Working with XHR sending full HTML responses, it's pretty clear to me that there's some major tradeoffs to this approach. The payload sizes are larger and interactivity is dependent on round trips to the server. so you're increasing server load and are increasing payload sizes to save on client side processing.
If your views are data driven, then there's plenty of cases where you may want to have interactivity. filtering or sorting results, for example. So you click a column header, then you're sending another request to the server, asking for a new table with the newly sorted rows, it renders it, sends it back to the client, and then replaced the entirety of the table contents with the new contents. and then htmx does some magic to make it behave closer to native HTML (like enabling css transitions on replaced elements, for example).
Storing the state client side, you can perform a lot of these transformations without talking to the server again until you want to actually change data.
I'm all for sending plain html from the server. If your views are static and largely unchanging, then sure, by all means, send it over. You don't need a JSON response to render a blog post on the frontend. But as soon as you want any sort of interactivity in your forms or data views, then you probably don't want to make every interaction a round trip to the server and then you're back at having to think about state on the client, at which point objects in JS are just going to facilitate your needs better than html elements.
> Storing the state client side, you can perform a lot of these transformations without talking to the server again until you want to actually change data.
Only if you're only working with a tiny amount of data...
For example, say you have a dataset with 10k records. You're not going to want to send that all to the client so it can sort it locally. Much more efficient to send just the first 100 or whatever results.
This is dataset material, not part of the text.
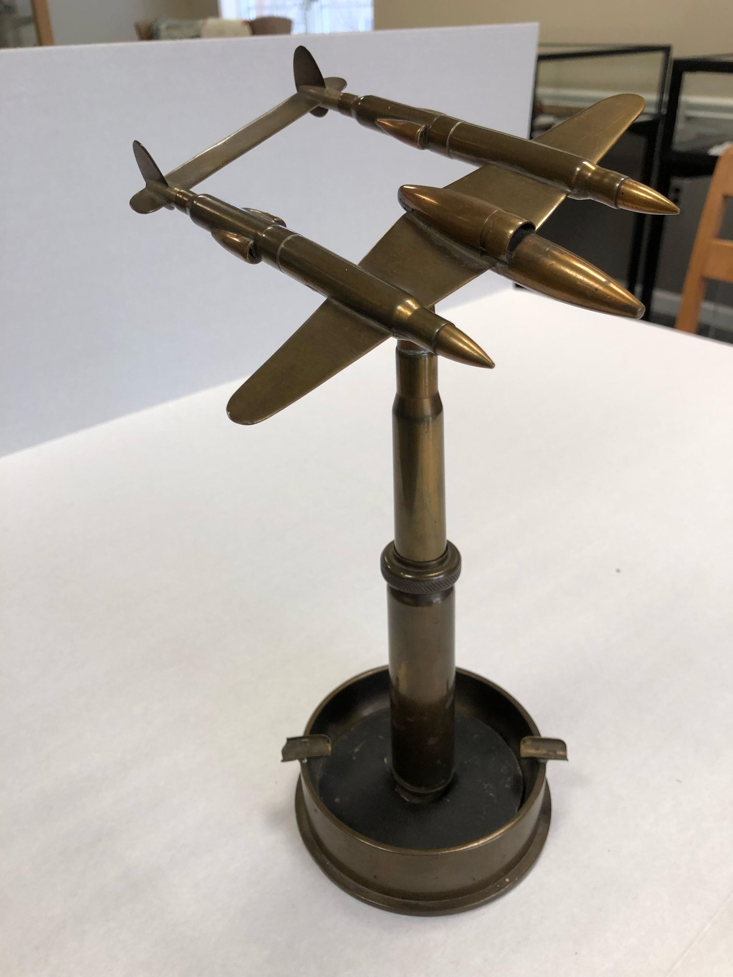 A statue/ashtray made from World War II military ordnance. Circa 1940s. Belonged to Andrew Bednarcik.Collection
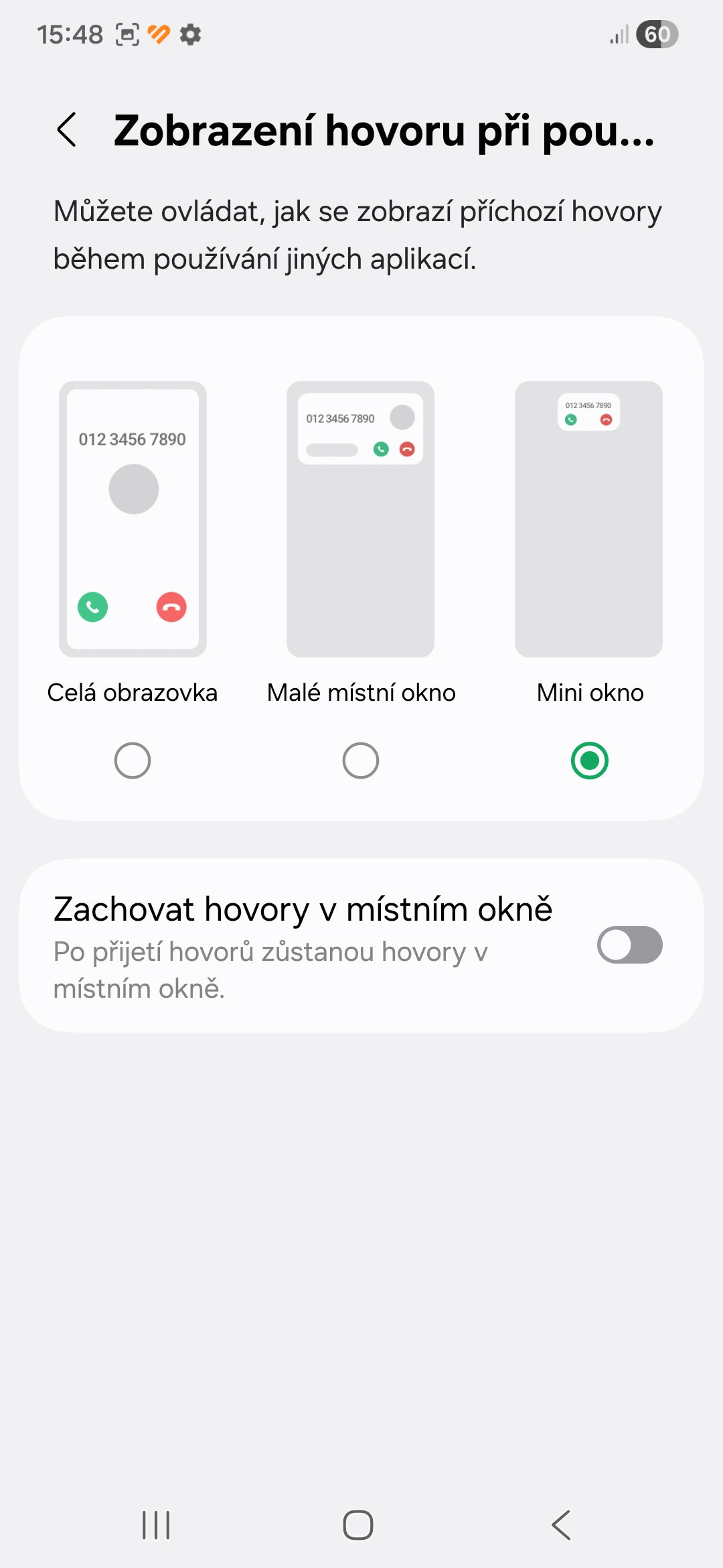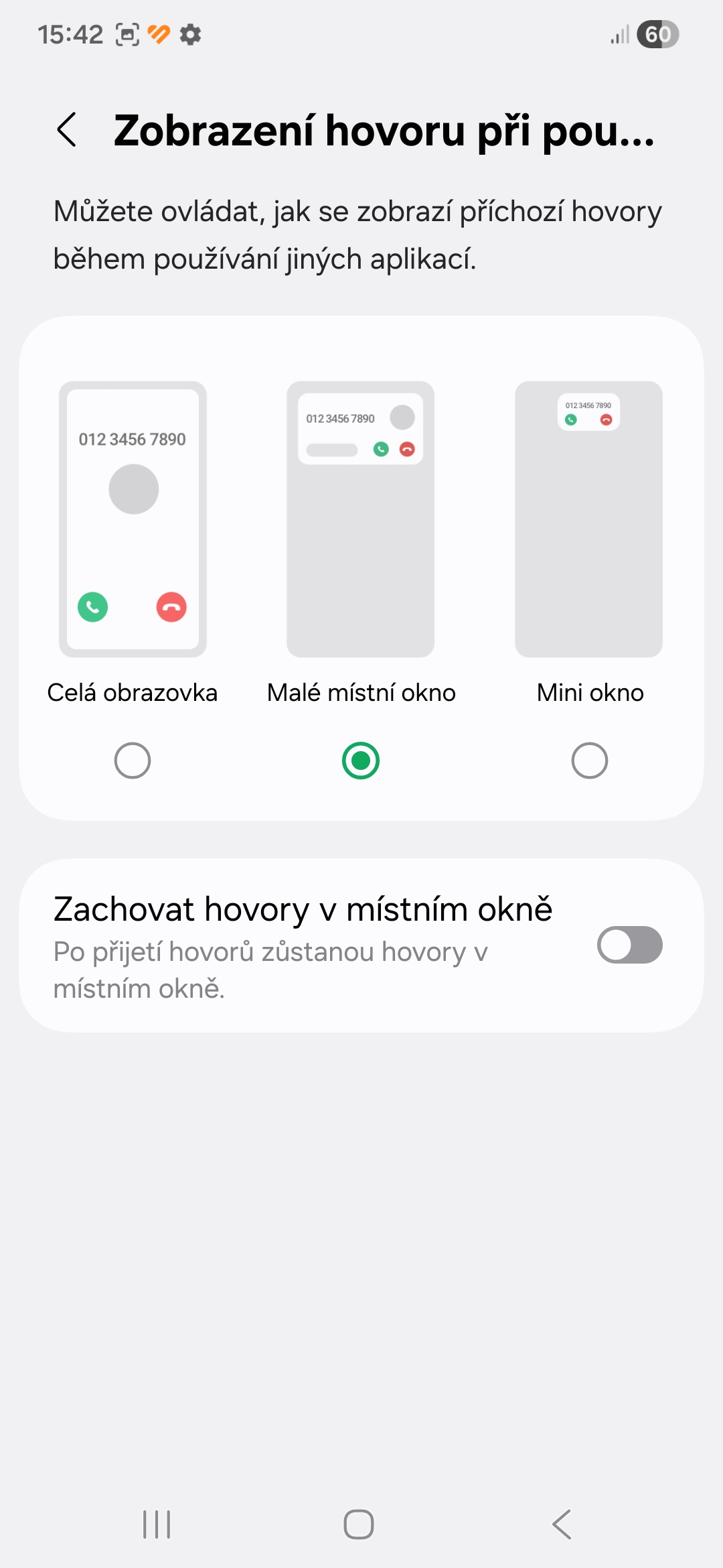 • Vyberte, jak se mají příchozí hovory během používání jiných aplikací zobrazovat. Na výběr jsou možnosti Celá obrazovka, Malé místní okno (výchozí) a Mini okno. Pokud chcete, aby vás při používání jiných aplikací případný hovor co nejméně rušil, vyberte poslední zmíněnou možnost.

Then when the user clicks the sort button, ask the backend to re-sort it and give you the first 100 results again.
Bonus: those 100 results are already formatted as html table rows and htmx easily slots them right into the correct spot on the page.
But even with a modest 100 rows being retrieved, the payload size of fully rendered HTML is generally going to be substantially larger than JSON. These add up quickly when you're making round trip requests to the server for interactivity, especially if it's something like reordering tables.
This is a clear tradeoff and it's why we see trends like this oscillate between client-side and server-side.
I think React is seeing the downsides of being entirely client-side, which is why there's so much development into server side components. Conversely, things like HTMX are tackling problems of handling local state, client/server side caching, and well, payload sizes.